# 🚀 TFT Training Quick Start

## Simplified workflow for dataset creation and model training

This notebook does two things:
1. **Generate training dataset** - Create realistic server metrics data
2. **Train TFT model** - Train the Temporal Fusion Transformer

The dashboard and inference daemon handle everything else!

---

**⏱️ Estimated Times:**
- Dataset generation (24h): ~30-60 seconds
- Dataset generation (720h): ~5-10 minutes
- Model training (10 epochs): ~3-5 hours on RTX 4090

**🎯 After Training:**
- Start system: `start_all.bat` (Windows) or `./start_all.sh` (Linux/Mac)
- Dashboard: http://localhost:8501
- API: http://localhost:8000

In [None]:
# Cell 1: Setup and Configuration
import sys
import time
from pathlib import Path

# Add src/ to Python path (works from either root or NordIQ directory)
current_dir = Path.cwd()
if current_dir.name == 'NordIQ':
    # Notebook is in NordIQ folder
    nordiq_src = (current_dir / 'src').absolute()
else:
    # Notebook is in root folder
    nordiq_src = (current_dir / 'NordIQ' / 'src').absolute()
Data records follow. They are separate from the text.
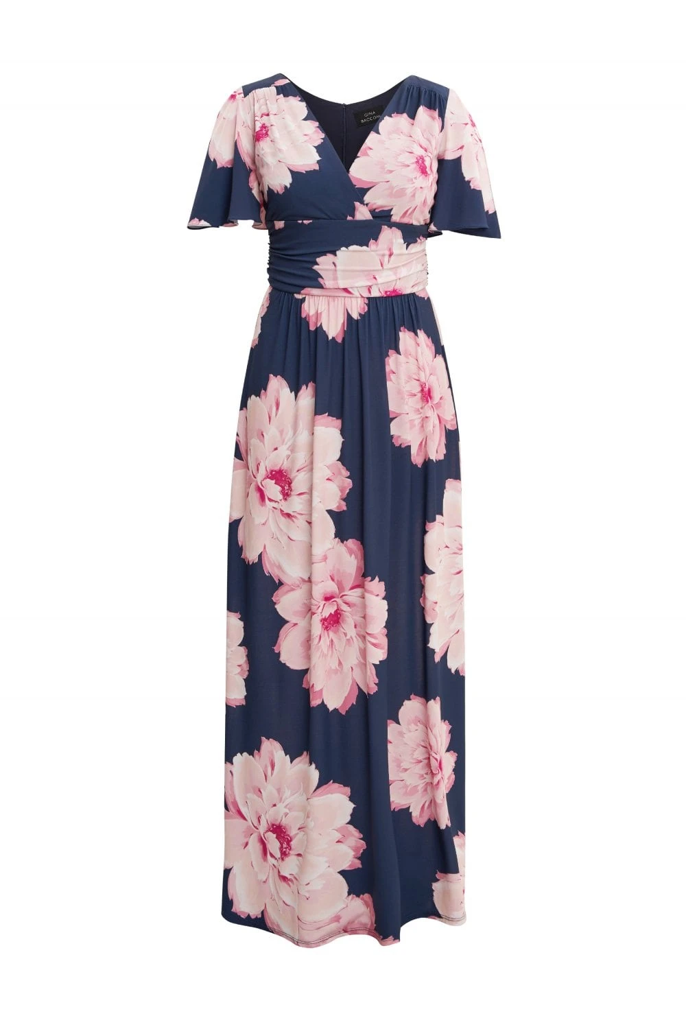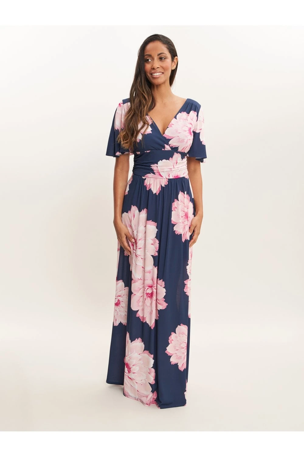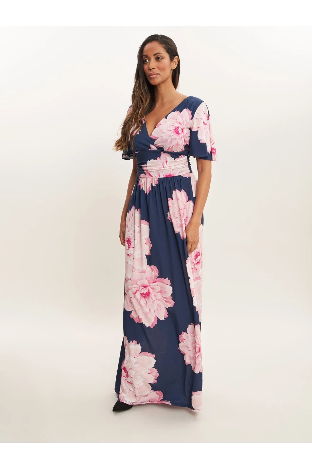 Bold florals create a fabulous look on this surplice top maxi dress from Gina Bacconi, finished with a flattering ruched waist and flutter sleeves.Â
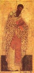 | Keywords: Basil the Great (Annunciation Cathedral in Moscow).jpg Икона святого Василия Великого 13 икон Деисуса п едставляют святых в полный ост об ащенных с молитвой о спасении г ешного человечества к восседающему на п естоле с еди сил небесных Спасителю Его икона Спас в Силах находится в цент е яда и является самым значительным об азом этой многоя усной конст укции иконостаса В состав Деисуса главного иконостаса Благовещенского собо а входят Богомате ь и Иоанн П едтеча а хангелы ихаил и Гав иил апостолы Пет и Павел отцы це кви Иоанн Златоуст и Василий Великий Вдоль южной и севе ной стен собо а в заво от стояли об азы великомучеников Гео гия и Дмит ия а также столпников Даниила и Симеона Цент альное яд о из девяти икон конца XIV в исследователи связывают с г еческим иконописцем ве оятно Феофаном Г еком кото ый аботал в это в емя п и дво е московского князя http //www kreml ru/ru/museums/annunciation/icons/Deisus/ 14 c Feofan Grek Main iconostasis of Annunciation Cathedral in Moscow D02 Files uploaded by Shakko from various sources PD-old-100 Icons by Feofan Grek Icons of Basil of Caesarea |
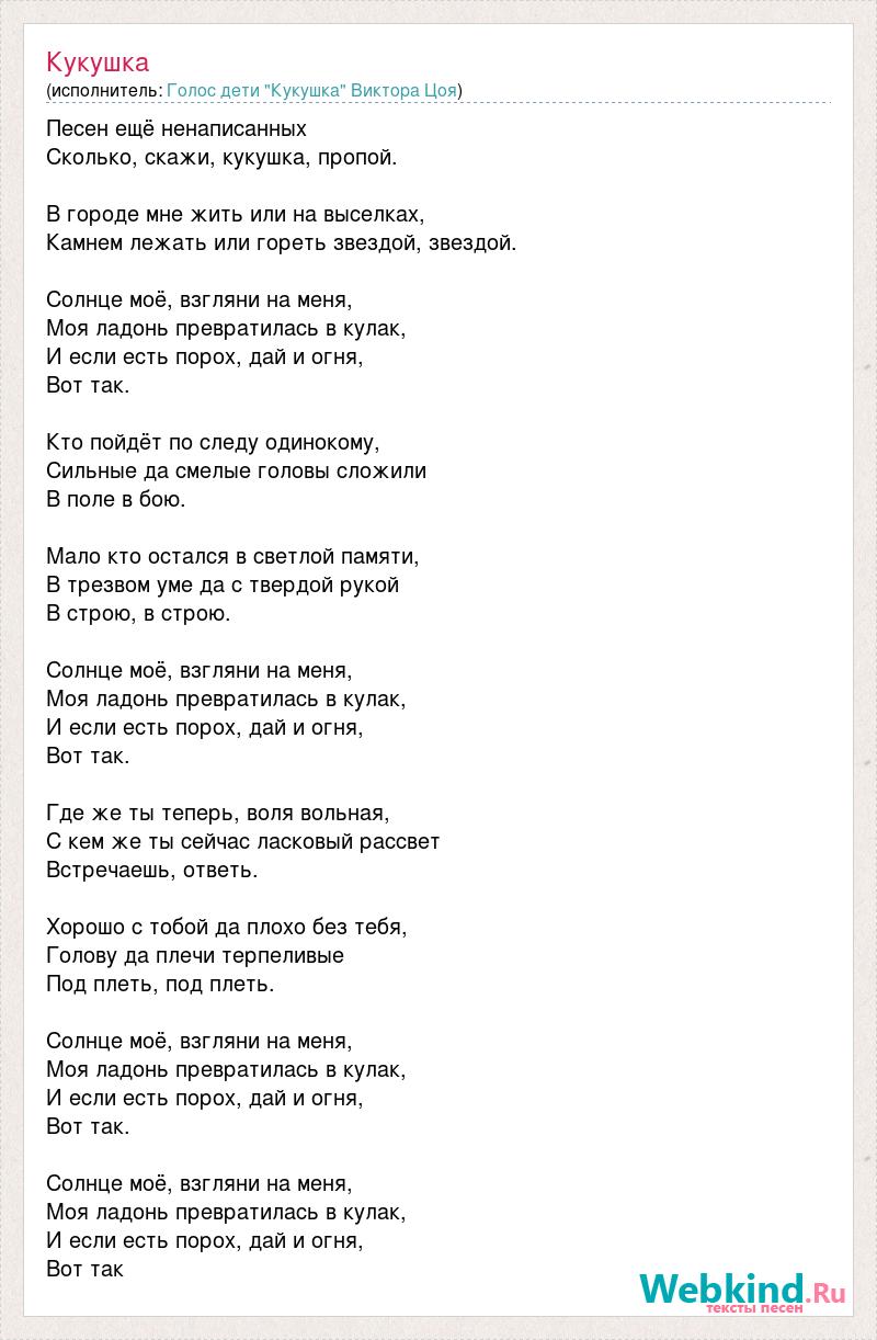 Песен ещё ненаписанных Сколько, cкажи, кукушка, пропой. В городе мне жить или на выселках, Камнем лежать или гореть звездой, звездой. Солнце моё, взгляни на меня, Моя ладонь превратилась в кулак, И если есть порох, дай и огня, Вот так. Кто пойдёт по следу одинокому, Сильные да смелые головы сложили В поле в бою. Мало кто остался в светлой памяти, В трезвом уме да с твердой рукой В строю, в строю. Солнце моё, взгляни на меня, Моя ладонь превратилась в кулак, И если есть порох, дай и огня, Вот так. Где же ты теперь, воля вольная, С кем же ты сейчас ласковый рассвет Встречаешь, ответь. Хорошо с тобой да плохо без тебя, Голову да плечи терпеливые Под плеть, под плеть. Солнце моё, взгляни на меня, Моя ладонь превратилась в кулак, И если есть порох, дай и огня, Вот так. Солнце моё, взгляни на меня, Моя ладонь превратилась в кулак, И если есть порох, дай и огня, Вот так
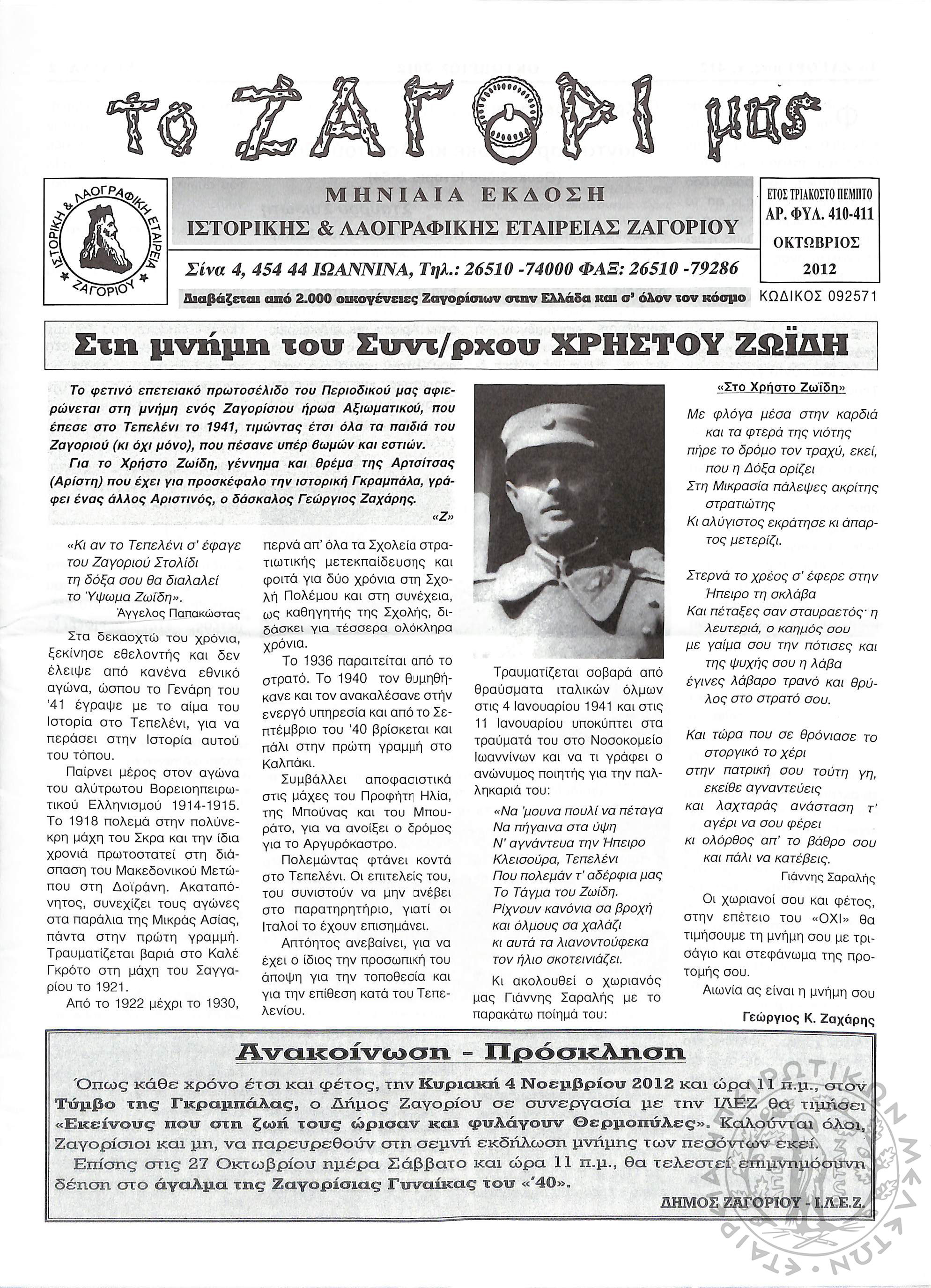Το Ζαγόρι μας: μηνιαία έκδοση Ιστορικής και Λαογραφικής Εταιρείας Ζαγορίου (φ. 412)Έτος 35, φ. 412 [410-411]...
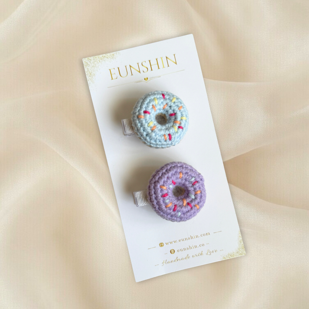El yapımı donut amigurimi 4,5 cm klips toka. Sevimli ve hafif tasarımıyla bebek & çocuk saç aksesuarı için ideal.
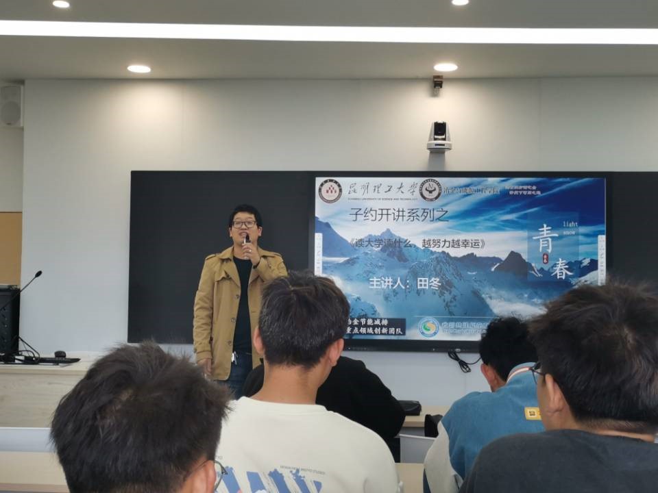 在主教学楼612教室举办“子约开讲”系列活动之“读大学读什么,越努力越幸运”主题讲座。本次讲座邀请了冶金224班班主任田冬为主讲嘉宾,共计80名同学参与讲座。
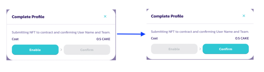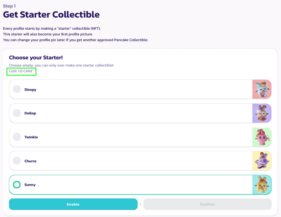 Because this is a beginner NFT, the cost is fairly low at 1 CAKE. When you're happy with your choice, click the Enable button to pay the transaction fee. Once paid, the Confirm button lights up allowing you to mint the NFT. Click Confirm to mint the NFT and pay the gas fee.
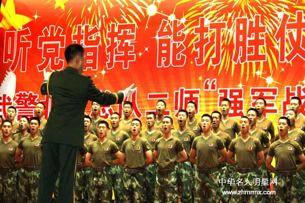 听党指挥,能打胜仗!武警北京总队二师战士引吭高歌《听党指挥能打胜仗》(桑全利摄于新华社礼堂)
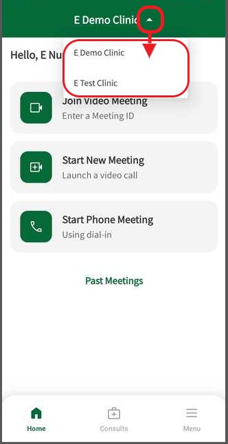 Click the drop-down arrow beside the clinic name at the top of the 'Home' screen, then choose your clinic.

if str(nordiq_src) not in sys.path:
    sys.path.insert(0, str(nordiq_src))

print("🎯 TFT Training System")
print("=" * 70)
print("✅ Python path configured")
print(f"📁 NordIQ source: {nordiq_src}")
print("\n🔧 Configuration:")
print("   Training directory: ./training/")
print("   Models directory: ./models/")
print("   Prediction horizon: 96 steps (8 hours)")
print("   Context length: 288 steps (24 hours)")
print("=" * 70)

---

## Cell 2: Generate Training Dataset

Creates realistic server metrics with:
- 7 server profiles (ML, DB, Web, Conductor, ETL, Risk, Generic)
- Financial market hours patterns
- 14 LINBORG-compatible metrics

**Adjust parameters below:**

In [None]:
# Cell 2: Generate Training Dataset
# Expected time: 24h=30-60s | 720h=5-10min

import sys
import time
from pathlib import Path
import pandas as pd

# Add src/ to Python path (works from either root or NordIQ directory)
current_dir = Path.cwd()
if current_dir.name == 'NordIQ':
    # Notebook is in NordIQ folder
    nordiq_src = (current_dir / 'src').absolute()
else:
    # Notebook is in root folder
    nordiq_src = (current_dir / 'NordIQ' / 'src').absolute()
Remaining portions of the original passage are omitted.